Scientists need a critical mass of data to be able to identify statistically significant patterns. In the case of a pandemic “where the whole population gets infected, basically you have a denominator of 7 billion people,” said Dr. Stanley Perlman, a University of Iowa microbiologist who studies coronaviruses.
The rapid increase in patients suffering from long COVID19 supercharged research on post-viral syndromes — the complex collection of lingering symptoms doctors long observed in some patients infected with pneumonia, flu or other viruses.
Now, as more years of post-pandemic data accumulated, scientists also are able to look more closely at the complicated relationship between COVID-19 and cancer.
Still, the pandemic left some evidence that viral infection may play a role in reawakening dormant cancer cells present in a patient’s body before infection.
A sharp increase in metastatic breast cancer cases in the pandemic’s early years was largely attributed to care delayed by pandemic restrictions, rather than a real increase in incidence.

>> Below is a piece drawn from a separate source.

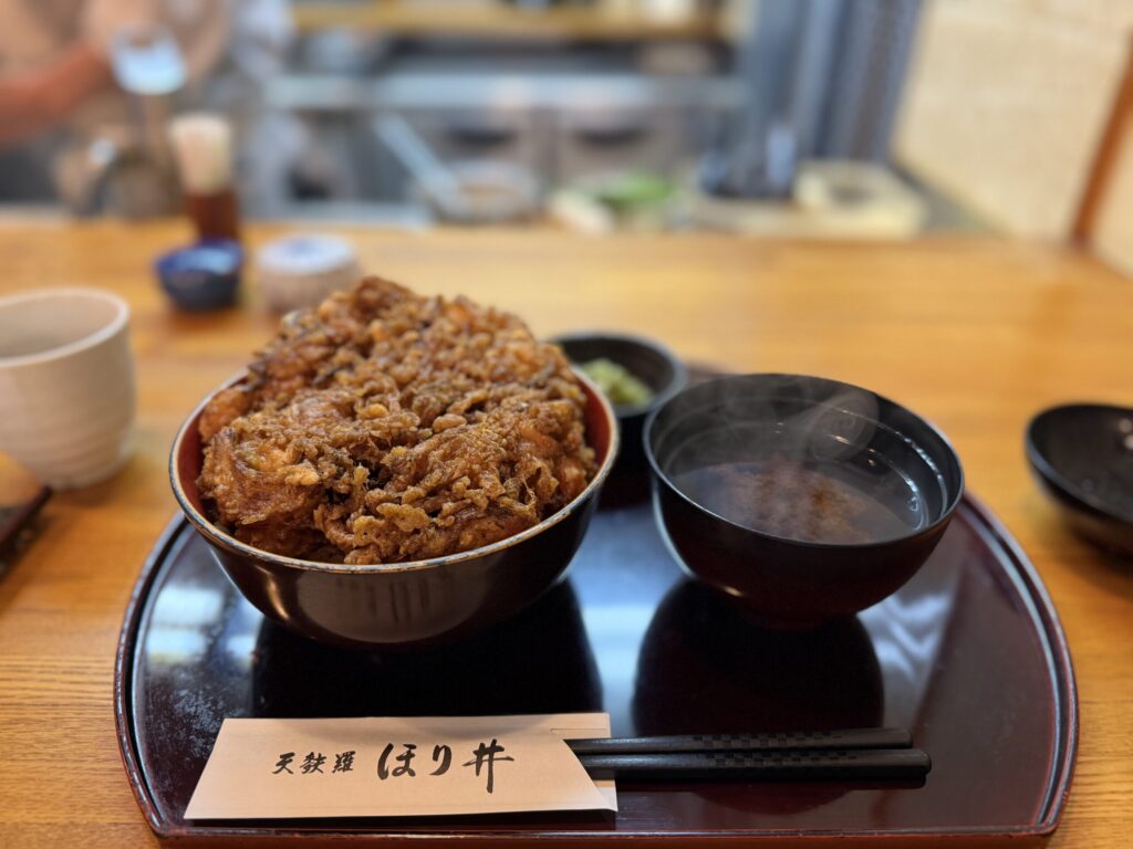 店主が揚げた天ぷらを食べると想像するとワクワクします。上がると裏に渡して程なく、丼ぶりとお味噌汁が出てきました。立派な佇まい。

More recent work suggests “it’s not just the logistics of the pandemic, but it’s really something inherent to infection” behind the association with cancer recurrence is “something inherent to infection,” said Melanie Ott, director of the Gladstone Institute of Virology and a professor of medicine at UC San Francisco.
The effect isn’t specific to COVID-19, Ott pointed out. One of the body’s natural defense mechanisms against a virus like COVID-19 or influenza is the release of cytokines, proteins that act as chemical messengers helping to coordinate the immune system’s response. In some severe infections, the immune system can overcorrect and send out an excess amount of these proteins, a serious and potentially fatal reaction called a cytokine storm.
Research in the early months of the pandemic showed patients with severe COVID-19 who died or required hospitalization were much more likely to have runaway levels of cytokines, including a particular protein called interleukin-6, or IL-6.Chronically high IL-6 levels also were linked to recurrence and metastasis of multiple types of cancer.